Persiapan keberangkatan sudah dilakukan melalui beberapa tahapan. Manasik haji tingkat kecamatan digelar pada 11-14 Februari 2026 di KUA masing-masing, lalu dilanjutkan manasik tingkat kota pada 2 April 2026. Dalam waktu dekat, para jemaah juga akan menjalani vaksinasi polio dan meningitis yang dijadwalkan pada 11 April 2026. Selain itu, pembinaan Ketua Rombongan (Karom) dan Ketua Regu (Karu) juga tengah berlangsung di Asrama Haji Indramayu.

Jemaah akan diberangkatkan pada 7 Mei 2026, masuk gelombang kedua dalam Kloter 13 JKS. Mereka akan bergabung dengan jemaah dari Kabupaten Sukabumi dan Kota Bekasi. “Masuk gelombang kedua, jadi ke Mekkah dulu baru ke Madinah. Diperkirakan kembali ke tanah air 17 Juni 2026,” tuturnya.

Dia mengatakan, para calon jemaah haji yang berangkat tahun ini rata-rata telah menunggu antrean selama 12-13 tahun. Jemaah tertua berusia 85 tahun atas nama Nurlaela, sementara yang termuda berusia 18 tahun, Aliyyah Nabillah Puteri. Empat petugas turut diberangkatkan untuk mendampingi jemaah, terdiri dari ketua kloter, pembimbing ibadah, serta dua tenaga kesehatan. Kesehatan jemaah jadi perhatian utama selama di sana.

Apipudin juga mengingatkan jemaah untuk menjaga kondisi fisik, mengingat cuaca di Arab Saudi diprediksi lebih panas. “Ibadah haji itu 95 persen mengandalkan fisik. Jadi jemaah harus menjaga kesehatan, olahraga, dan pola makan,” ujarnya.

Antisipasi dampak konflik di Timur Tengah menjadi bagian penting persiapan. Pemerintah pusat telah menyiapkan sejumlah skenario, termasuk perubahan jalur penerbangan. “Skenario pertama tetap berangkat, tapi jalur diubah, misalnya memutar lewat Afrika sehingga durasi penerbangan lebih lama,” kata Apipudin. “Skenario kedua, pemerintah Indonesia bisa menunda keberangkatan demi keamanan jika situasi memburuk, dengan jaminan diberangkatkan tahun berikutnya tanpa biaya tambahan.” Sementara skenario ketiga, “jika Arab Saudi yang membatalkan, maka itu di luar kewenangan kita,” pungkasnya.

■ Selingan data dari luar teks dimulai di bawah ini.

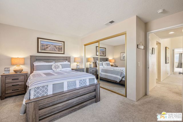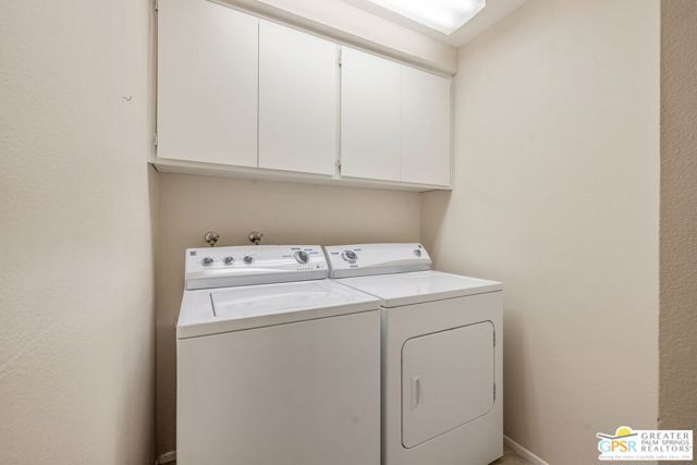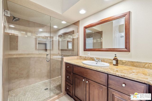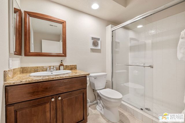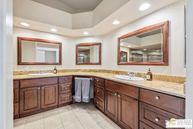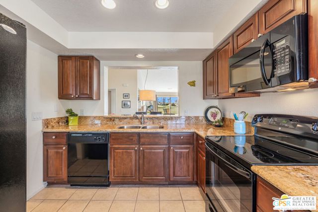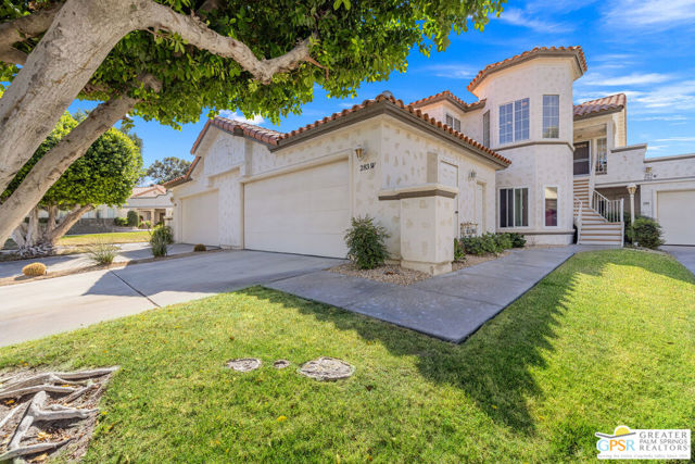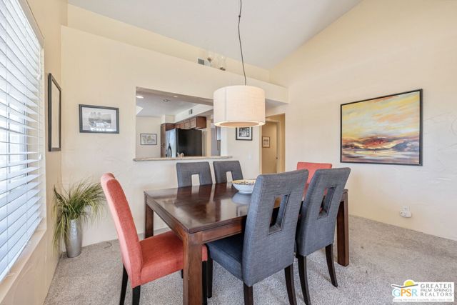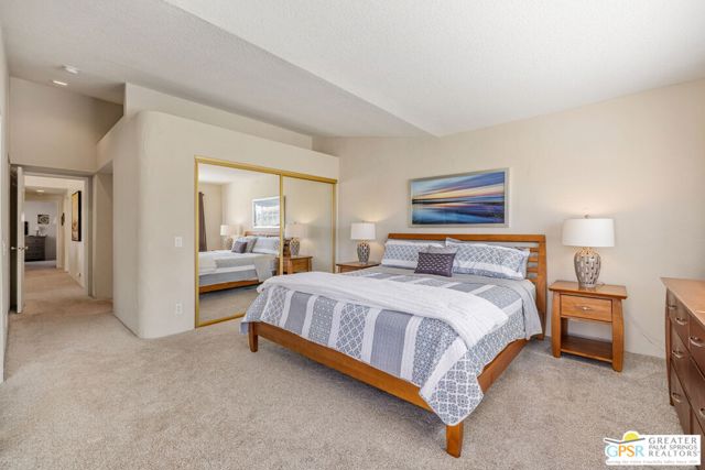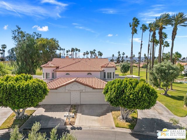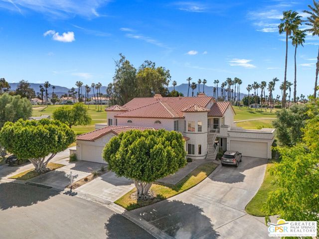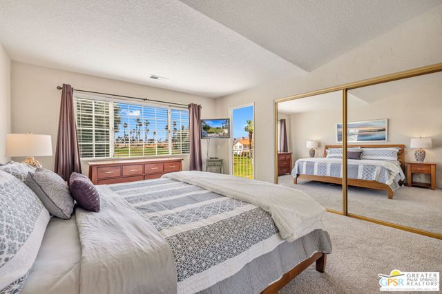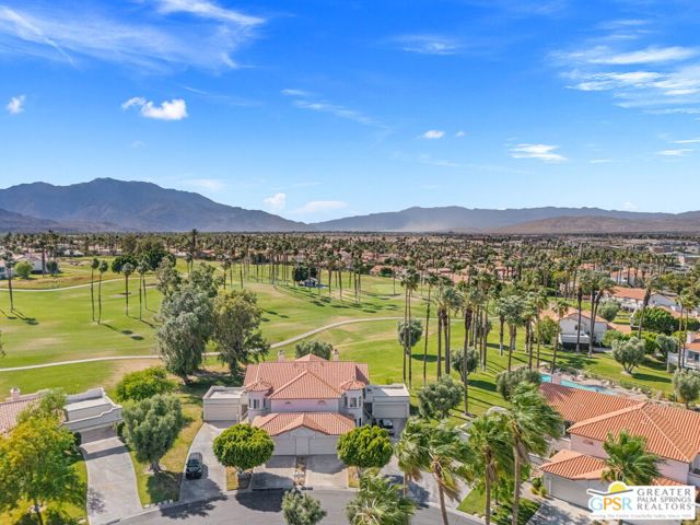 Positioned on the golf course behind the gates of Desert Falls Country Club, this upper-level villa offers panoramic fairway and mountain views, short-term rentals are permitted, and it is conveniently located in central Palm Desert. The open living area is anchored by a classic gas fireplace and a built-in wet bar, with large sliding glass doors that extend the living space to a balcony overlooking the greens. The kitchen features rich wood cabinetry, updated granite countertops, and a pass-through window that seamlessly connects to the dining area. The primary suite includes a semi-circular sunburst window, mirrored closets, a spacious en-suite bath with a walk-in shower, and direct access to the main balcony. A comfortable guest bedroom and a second full bath complete the layout. Two-car garage parking is included. Desert Falls Country Club amenities include a Championship Golf Course, fitness center, tennis and pickleball courts, and 29 pools and spas throughout the community.
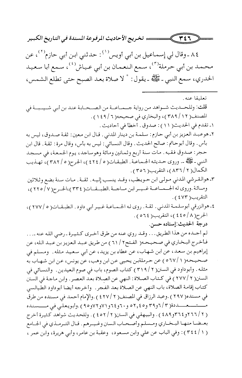59 - وَقَالَ لِي إِسْمَاعِيلُ بْنُ أَبِي أُوَيْسٍ: حَدَّثَنِي ابْنُ أَبِي حَازِمٍ، عَنْ مُحَمَّدِ بْنِ أَبِي حَرْمَلَةَ، سَمِعَ النُّعْمَانَ بْنَ أَبِي عَيَّاشٍ، سَمِعَ أَبَا سَعِيدٍ الْخُدْرِيَّ، سَمِعَ النَّبِيَّ صَلَّى اللَّهُ عَلَيْهِ وَسَلَّمَ يَقُولُ: «§لَا صَلَاةَ بَعْدَ الصُّبْحِ، حَتَّى تَطْلُعَ الشَّمْسُ، -[347]- وَلَا بَعْدَ الْعَصْرِ حَتَّى تَغْرُبَ الشَّمْسُ»
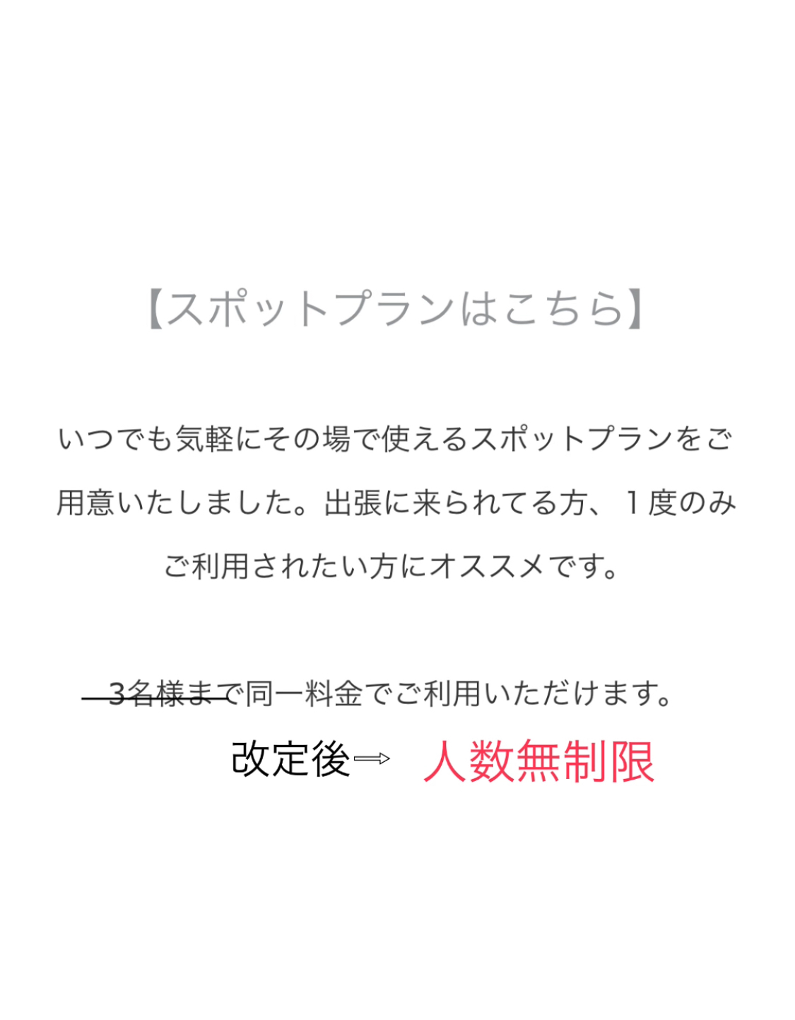 変更後は全ての利用時間に対し、一律1,000円UPとなります。なので、多くの人数で利用すれば、お一人の負担はかなりお安くご利用いただけます。
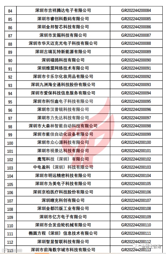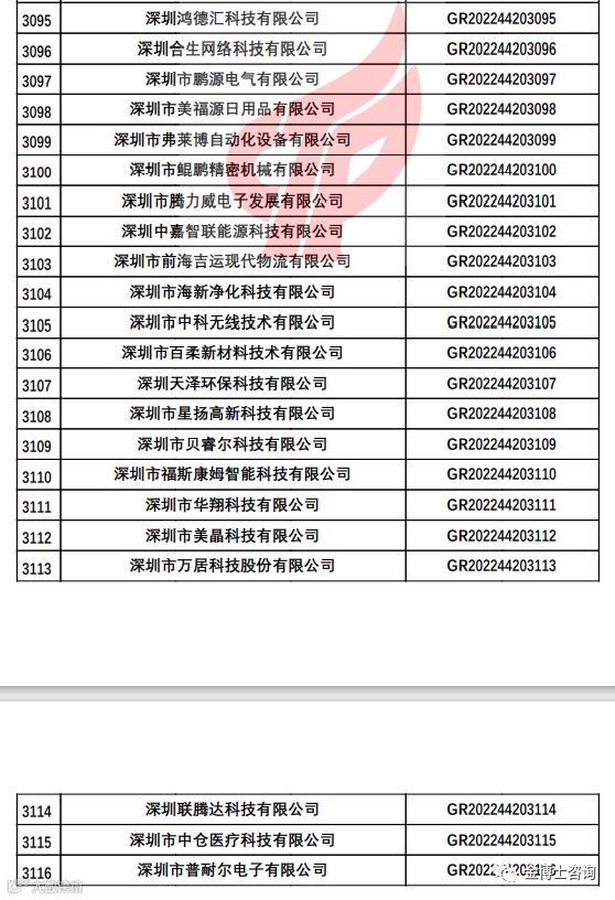 根据《高新技术企业认定管理办法》(国科发火〔2016〕32号)和《高新技术企业认定管理工作指引》(国科发火〔2016〕195号)有关规定,现对深圳市认定机构2022年认定的第一批3116家高新技术企业备案名单(详见附件)予以公告。
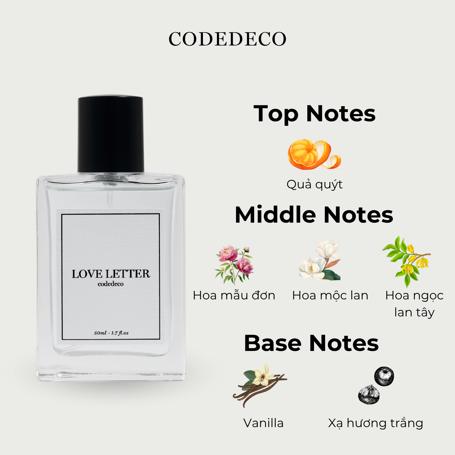 CODEDECO Love Letter là mùi hương thuộc nhóm Amber Floral (Hoa cỏ Phương Đông), nơi sự tinh khôi của hương hoa cỏ tao nhã hòa quyện cùng nét ấm áp, quyến rũ của vanilla và xạ hương trắng. Như một bức thư tình ngọt ngào, Love Letter mang đến cho phái đẹp sự nữ tính, trong trẻo nhưng vẫn gợi cảm và đầy sức hút.
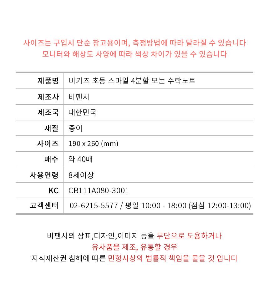 비키즈 초등노트 오답 필기정리 그리드 스마일 4분할 모눈 수학노트 / 설래임 / 디비디비 / 구매하기 / 특가할인
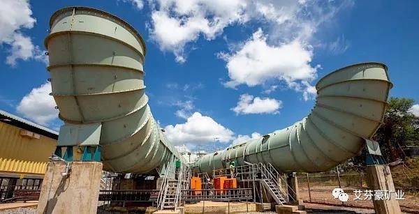 高容量风管通过直径为5.5米的1号通风井,把新鲜空气输送到卡库拉的地下工作面 ,为日益增加的矿山开采员工提供了保障。
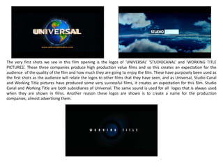 The document provides a summary of the opening scenes and title sequence of the film "Love Actually". It describes the production company logos that are shown at the beginning to establish expectations of quality. It then discusses a montage showing different people hugging and kissing at an airport, accompanied by slow music. A voiceover identifies the location as an airport arrival gate. Throughout the montage, different shots are used to show facial expressions. As the voiceover ends, the words "love actually is all around" appear on screen, revealing the title of the film. The music fades out as the title displays against a black background before fading into the next scene of an older male character in a recording studio.
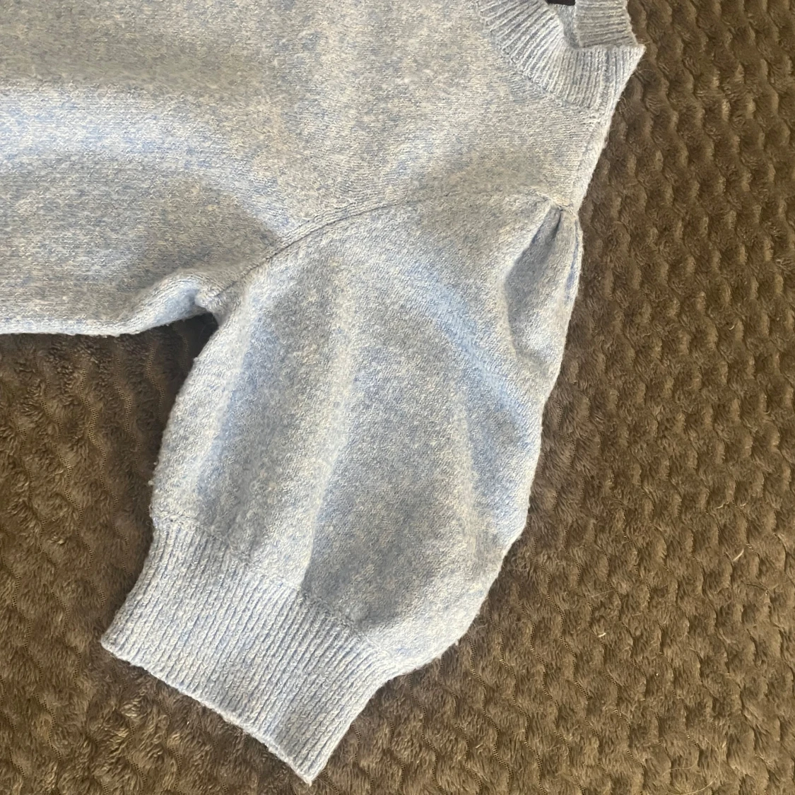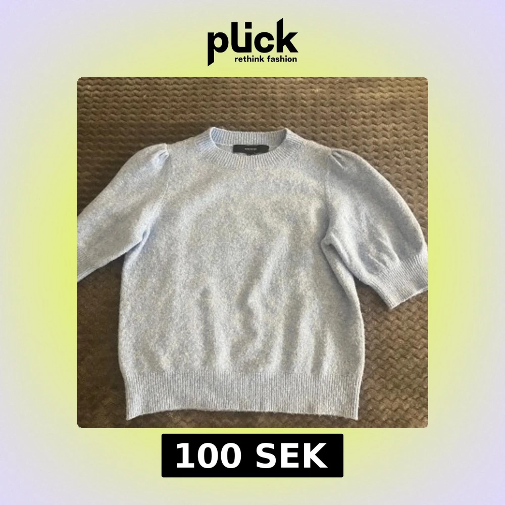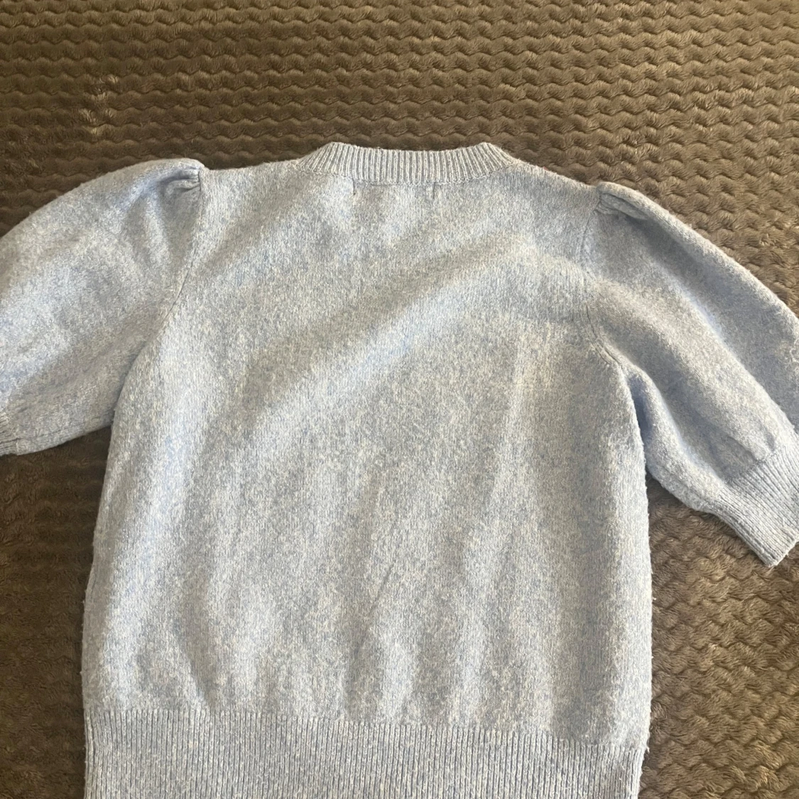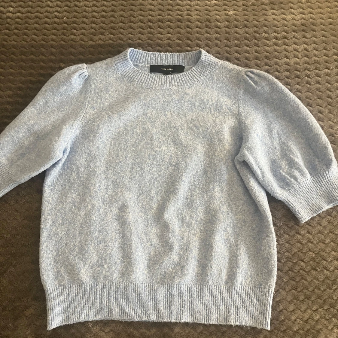 Superfin ljusblå stickad tröja från Vero Moda med puffärmar och ribbade muddar. Tröjan har korta armar. Snygg och enkel att matcha till olika outfits! Aldrig använd och inga fläckar eller hål!!❣️❣️❣️
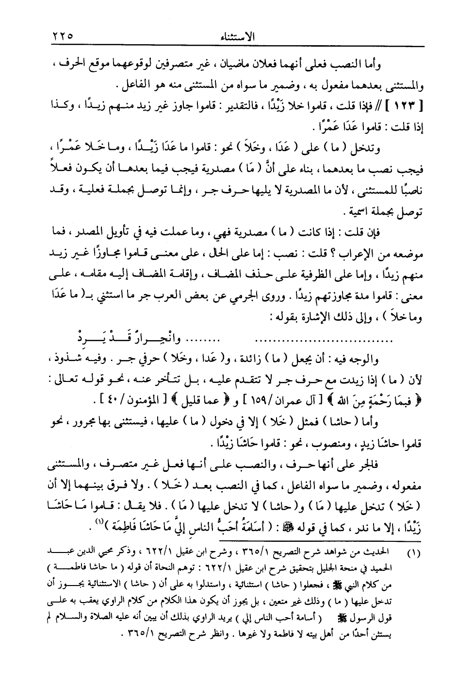 [123] // فإذا قلت، قاموا خلا زيدًا، فالتقدير: قاموا جاوز غير زيد منهم زيدًا، وكذا إذا قلت: قاموا عدا عمرًا.

Keputusan akhir akan disesuaikan dengan kondisi keamanan dan kesehatan. Persiapan matang, penurunan kuota, serta keprihatinan terhadap kesehatan dan keamanan menjadi fokus utama bagi jemaah Sukabumi 2026. Kegiatan ini menandai komitmen pemerintah daerah dalam memfasilitasi ibadah haji, sekaligus menyesuaikan diri dengan dinamika global yang terus berubah.

Jemaah HajiKota SukabumiKuota HajiManasik HajiVaksinasi PolioGelombang KeduaAntisipasi Konflik

Komentar

Memuat komentar...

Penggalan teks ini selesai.